El espíritu consumista se apodera de las calles de Barcelona. ©ACN

¡Comprad!

Incluso el cultureta barcelonés acaba devorado por el fantasma del 'Black Friday'

Como todos los culturetas barceloneses, me había propuesto no comprar nada en ocasión del Black Friday. De hecho, siguiendo la pauta moral de esta entrañable secta, me había imaginado paseando por el centro de Barcelona con aires de superioridad moral, admirando cómo la mayoría de población alienada se agolpaba, olvidando la paciencia y la dignidad, en las tiendas del Paseo de Gràcia. Incluso había ensayado, pobrecito de mí, algunas frases de cursilería insufrible como: “los mediterráneos somos una raza superior, una tribu que celebra conceptos tan importantes como los cambios de tiempo y la muerte de Jesucristo; para nosotros resulta un acto de resistencia escarnecer la calendarización (ecs) de nuestra vida según los dictados del consumo”. Hasta había pensado entretener al lector con una disquisición metafísica de tres el cuarto sobre el paso histórico del “Barcelona, ​​posa’t guapa” al paradigma “Barcelona; la mejor tienda del mundo”.

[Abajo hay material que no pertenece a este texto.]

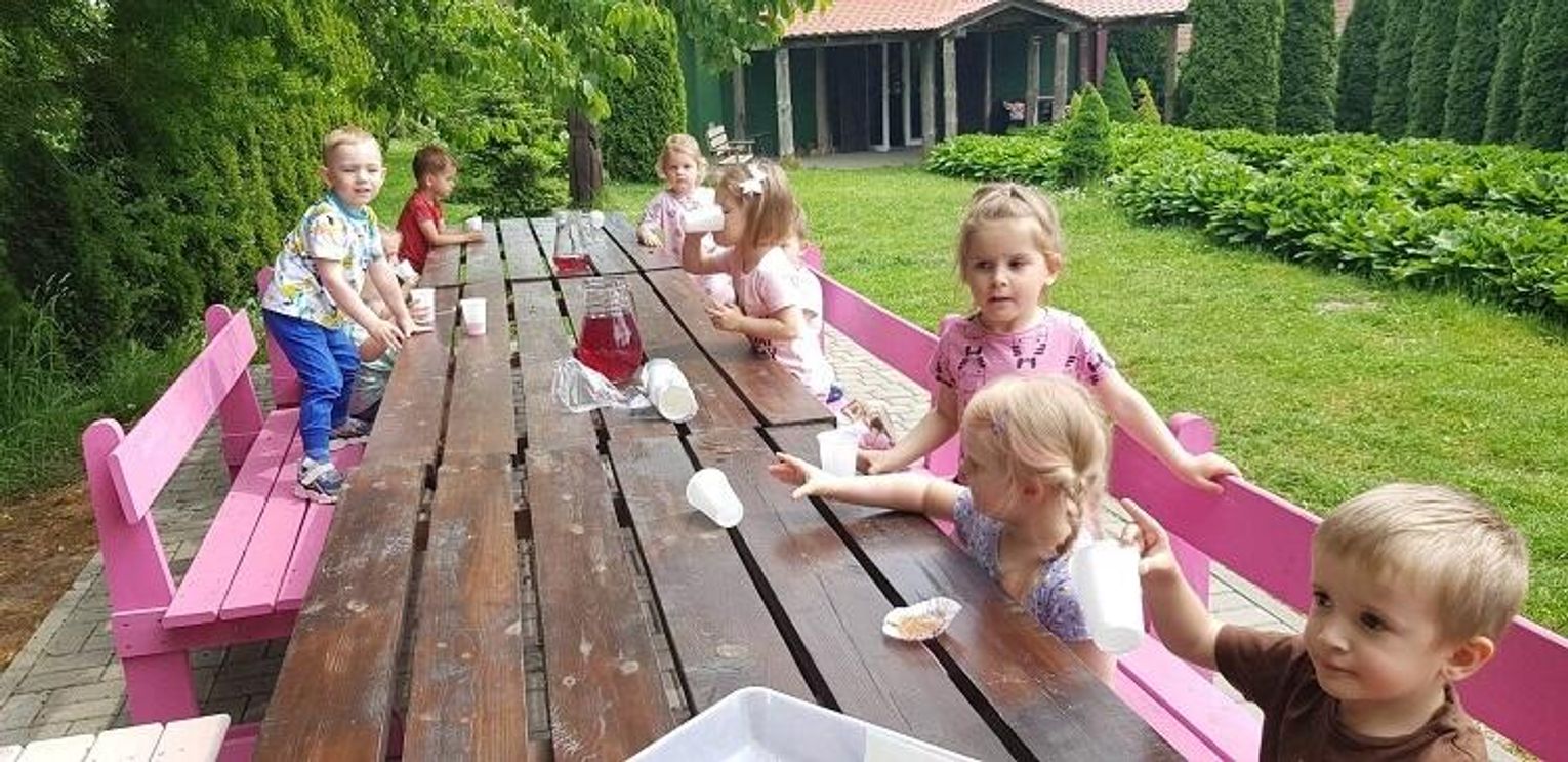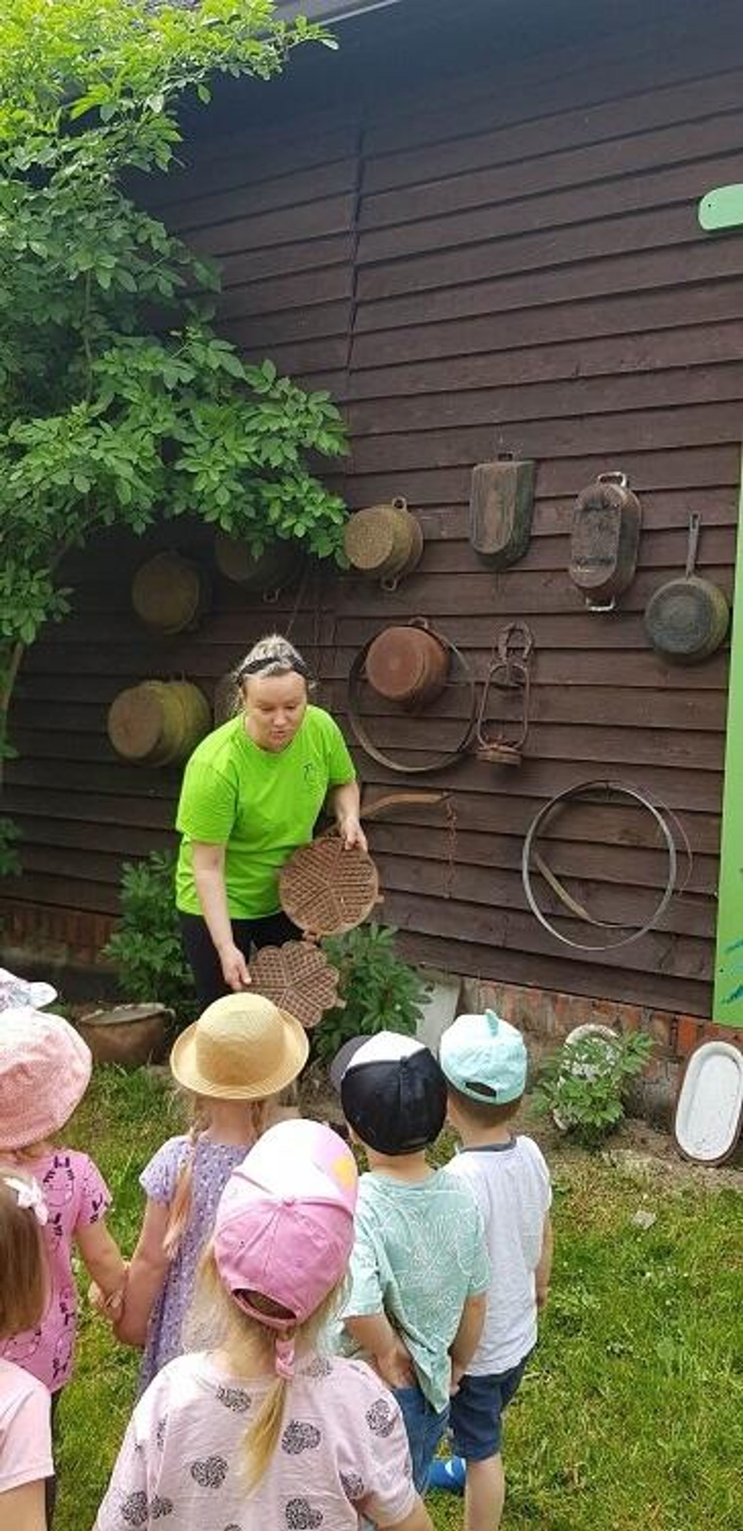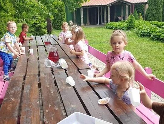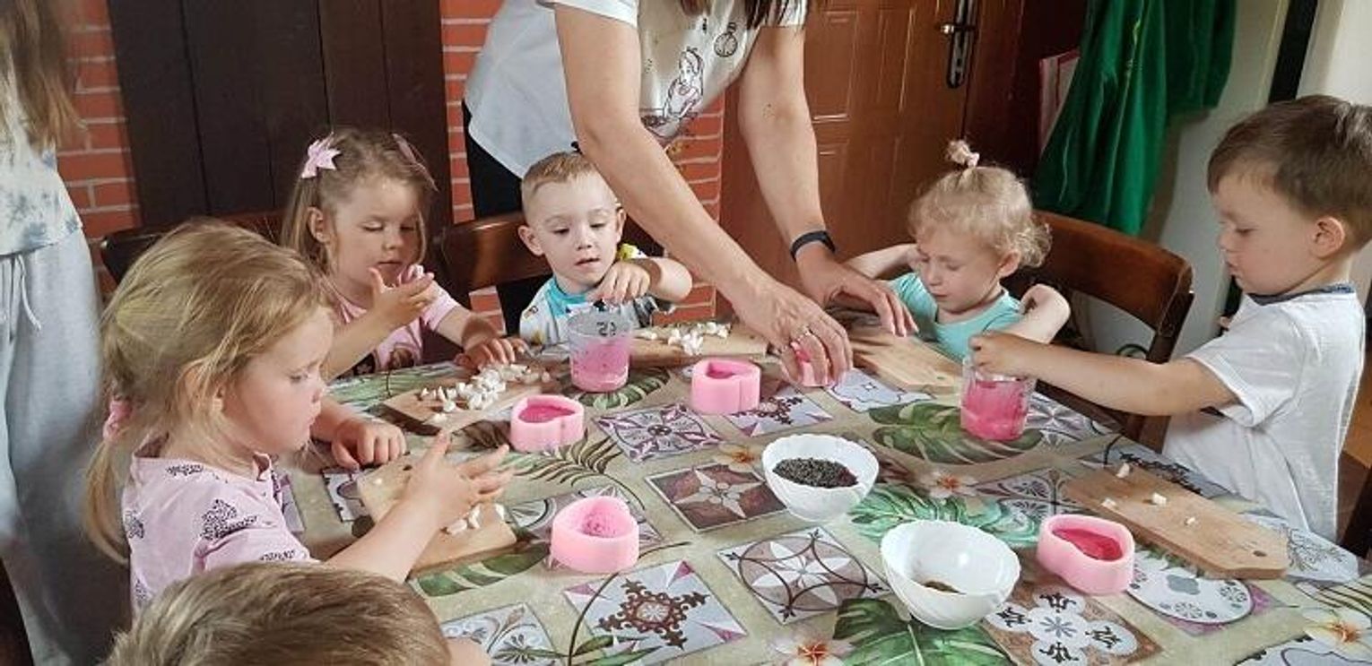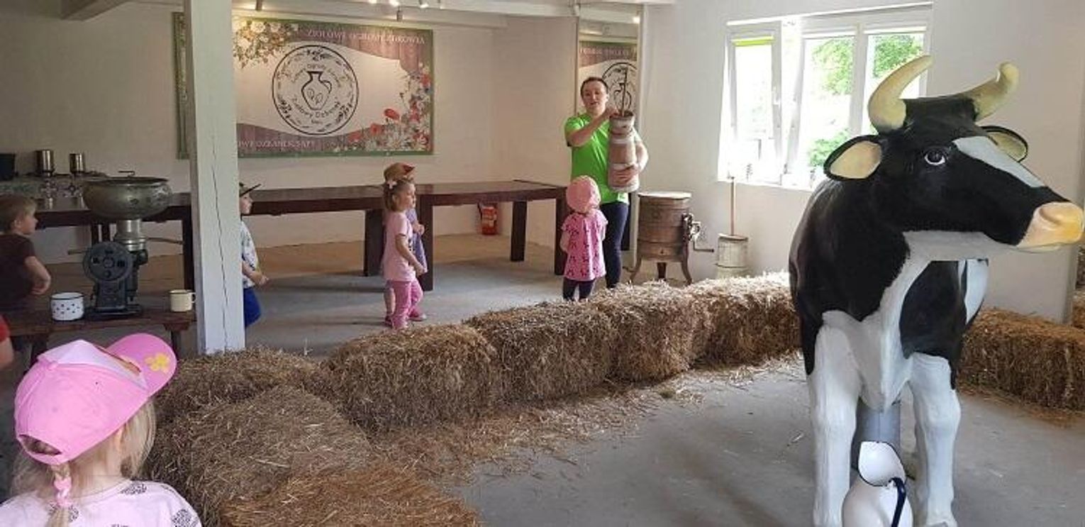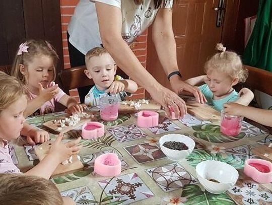 W środę 23 maja dzieci z grupy "Tygryski" pojechały do Sąp, aby w pięknych okolicznościach przyrody przygotować pachnące mydełka dla mam. Podczas pobytu w zagrodzie edukacyjnej "Ziołowy Dzbanek" dzieci miały okazję zwiedzić gospodarstwo i poznać jego mieszkańców. Szczególną sympatię wzbudziły kozy, które bardzo ochoczo jadły źdźbła mleczu z rąk dzieci, króliczki oraz krowa Balbina. Ponad to gościliśmy w Chacie Zielarskiej, gdzie wśród starodawnych sprzętów codziennego użytku czas jakby się zatrzymał, a w oknach wiszą pęki pachnących ziół z pobliskich łąk. Głównym punktem pobytu w gospodarstwie były warsztaty mydlarskie, podczas których dzieci z pomocą pani Iwonki wykonały przepiękne, kolorowe i pachnące ziołami mydełka.

Ya se sabe, no hay posibilidad de ética sin alguna forma de pecado. Miradme ahora mismo, visión espantosa, tecleando ante el ordenador esta Punyalada tras haberme traicionado por culpa de los cabritos de Mr. Hackett y mi querido Paul Smith (30% y 20% de rebajas, respectivamente). No es sólo la pulsión por ahorrarme cuatro duros al comprar trapitos. La tragedia es aún peor: la marca de ropa británica, que se ajusta a mis hombros como la boca de un niño al pezón, me hace sentir la ilusión de caminar  como un Londoner por Barcelona y me regala los aires de un señor que cobra los artículos con un cero más de lo real. Y qué debo decir de esos pullovers tan cuquis del estimable Smith, igualmente británico, pero con esa alegría neoyorquina que te permite entrar en una de nuestras coctelerías e imaginar que podrás acabar hablando con alguien con un mínimo interés.

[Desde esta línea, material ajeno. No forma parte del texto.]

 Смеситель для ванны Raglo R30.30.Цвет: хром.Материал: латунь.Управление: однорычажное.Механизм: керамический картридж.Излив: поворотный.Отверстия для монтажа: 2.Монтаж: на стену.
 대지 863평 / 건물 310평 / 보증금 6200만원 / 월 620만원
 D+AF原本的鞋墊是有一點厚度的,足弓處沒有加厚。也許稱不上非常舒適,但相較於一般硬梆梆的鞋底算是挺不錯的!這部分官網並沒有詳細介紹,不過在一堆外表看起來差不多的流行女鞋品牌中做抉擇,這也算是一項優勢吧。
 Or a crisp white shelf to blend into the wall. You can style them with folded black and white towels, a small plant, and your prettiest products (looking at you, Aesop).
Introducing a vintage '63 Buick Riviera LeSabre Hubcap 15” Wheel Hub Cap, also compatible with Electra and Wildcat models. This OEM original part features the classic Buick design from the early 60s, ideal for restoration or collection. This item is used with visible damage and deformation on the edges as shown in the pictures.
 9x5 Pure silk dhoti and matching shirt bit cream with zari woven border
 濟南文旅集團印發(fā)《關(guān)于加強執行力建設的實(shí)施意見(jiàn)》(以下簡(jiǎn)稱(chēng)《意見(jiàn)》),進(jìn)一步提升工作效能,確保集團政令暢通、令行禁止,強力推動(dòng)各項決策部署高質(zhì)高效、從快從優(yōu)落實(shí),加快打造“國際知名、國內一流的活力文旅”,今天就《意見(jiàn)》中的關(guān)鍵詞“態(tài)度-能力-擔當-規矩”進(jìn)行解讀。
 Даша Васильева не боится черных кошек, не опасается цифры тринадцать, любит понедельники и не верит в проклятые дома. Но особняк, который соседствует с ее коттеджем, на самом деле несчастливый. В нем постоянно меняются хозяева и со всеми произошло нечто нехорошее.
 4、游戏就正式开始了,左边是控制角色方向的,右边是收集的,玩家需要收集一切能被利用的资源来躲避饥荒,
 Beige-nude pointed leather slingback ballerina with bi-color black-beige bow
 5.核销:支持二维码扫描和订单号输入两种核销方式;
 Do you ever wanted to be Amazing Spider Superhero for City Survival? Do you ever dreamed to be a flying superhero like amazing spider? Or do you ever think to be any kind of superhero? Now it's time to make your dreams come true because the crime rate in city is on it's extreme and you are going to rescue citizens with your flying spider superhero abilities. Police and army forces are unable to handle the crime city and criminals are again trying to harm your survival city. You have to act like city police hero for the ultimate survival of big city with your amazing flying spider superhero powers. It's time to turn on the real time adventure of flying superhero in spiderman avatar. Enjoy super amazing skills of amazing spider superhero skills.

Soy una persona espantosa, y no sólo por impostar una moral anticonsumo que invoco a menudo (recordando que el 70% de armarios occidentales están llenos de ropa que nunca utilizaremos) sino —hecho aún más horripilante— cuando utilizo al señor Fred Perry o al adorable Évelyne Chetrite para convencerme de que vivo en otra ciudad con más glamour. ¡Qué impostura más esperpéntica, qué aborto de ser humano! Ahora sólo falta que, pronto y con ocasión de la fiesta cristiana, mitigue mi espíritu consumista regalando un libro a todos mis familiares, con aquella excusa absurda según la cual “al menos, ya que compramos, que sea un producto cultural”. Vaya gilipollada, ¡como si la literatura y en el fondo las humanidades vivieran en un paradigma muy alejado que el de los calzoncillos y las tacitas de té! Afortunadamente, todavía tengo la gracia de poder chotearme de mi moral.

De hecho, esto de poner la ética entre paréntesis es otra de las grandes victorias (y ventajas) del capitalismo. Comprad como locos, haced el favor, que no es bueno para la salud, pero la dopamina del gasto le revive a uno de maravilla.